**Requirement**. Please write out all of the data below exactly, without including the pictures.

**Supplied material**.
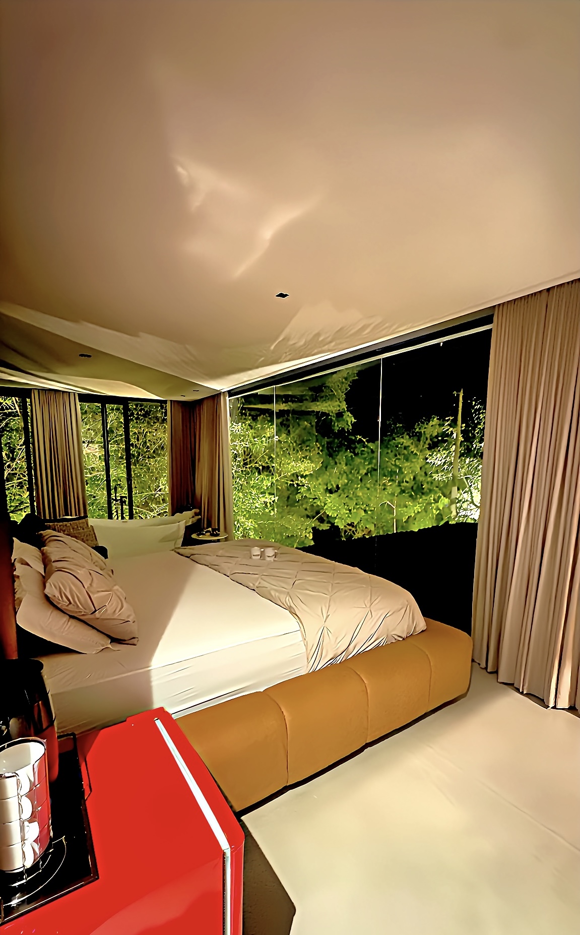 O espaço apresenta a união equilibrada entre luxo e natureza, com arquitetura em vidro que valoriza o entorno e integra a vista do rio e a luz natural aos ambientes internos. Cada detalhe foi cuidadosamente planejado para proporcionar sensação de imersão na paisagem, mantendo conforto e privacidade, enquanto o som das águas e a riqueza dos acabamentos compõem um cenário sofisticado e acolhedor, ideal para criar memórias marcantes.
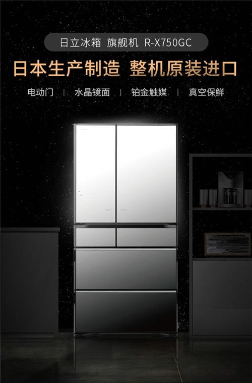 日立 R-X750GC拥有743L超大巨无霸容量轻松放进日常的食材,鸡蛋、牛奶、饮料、鱼肉、蔬菜、水果等统统都放得下。水晶玻璃面板采用一种类似镜面的工艺处理,纯净的平静的湖面,而且非常的抗造,不易刮损坏同时也是亮洁容易清洗。另外,日立 R-X750GC多门真空休眠保鲜冰箱采用触摸感应技术,手指轻轻一滑就可实现箱门自动单开/双开;轻触按钮,抽屉自动弹出,储存、取物更加轻松便捷。
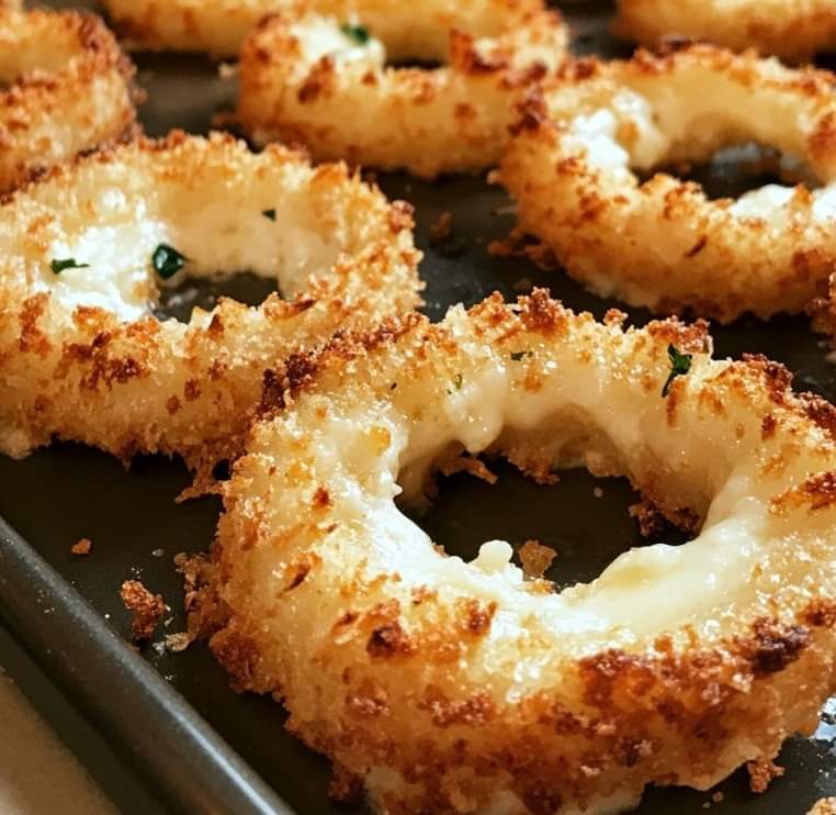 Baked mozzarella onion rings are a delicious snack that mixes melted mozzarella cheese with crunchy onion rings. This recipe is a fun variation of classic onion rings and is great for family game nights, parties, or as a tasty appetizer for your next get-together. They are cooked in the oven instead of in oil, which makes them a bit healthier without losing any flavor. This meal will be loved by both children and adults!

**Completed task**.
 O espaço apresenta a união equilibrada entre luxo e natureza, com arquitetura em vidro que valoriza o entorno e integra a vista do rio e a luz natural aos ambientes internos. Cada detalhe foi cuidadosamente planejado para proporcionar sensação de imersão na paisagem, mantendo conforto e privacidade, enquanto o som das águas e a riqueza dos acabamentos compõem um cenário sofisticado e acolhedor, ideal para criar memórias marcantes.
 日立 R-X750GC拥有743L超大巨无霸容量轻松放进日常的食材,鸡蛋、牛奶、饮料、鱼肉、蔬菜、水果等统统都放得下。水晶玻璃面板采用一种类似镜面的工艺处理,纯净的平静的湖面,而且非常的抗造,不易刮损坏同时也是亮洁容易清洗。另外,日立 R-X750GC多门真空休眠保鲜冰箱采用触摸感应技术,手指轻轻一滑就可实现箱门自动单开/双开;轻触按钮,抽屉自动弹出,储存、取物更加轻松便捷。
 Baked mozzarella onion rings are a delicious snack that mixes melted mozzarella cheese with crunchy onion rings. This recipe is a fun variation of classic onion rings and is great for family game nights, parties, or as a tasty appetizer for your next get-together. They are cooked in the oven instead of in oil, which makes them a bit healthier without losing any flavor. This meal will be loved by both children and adults!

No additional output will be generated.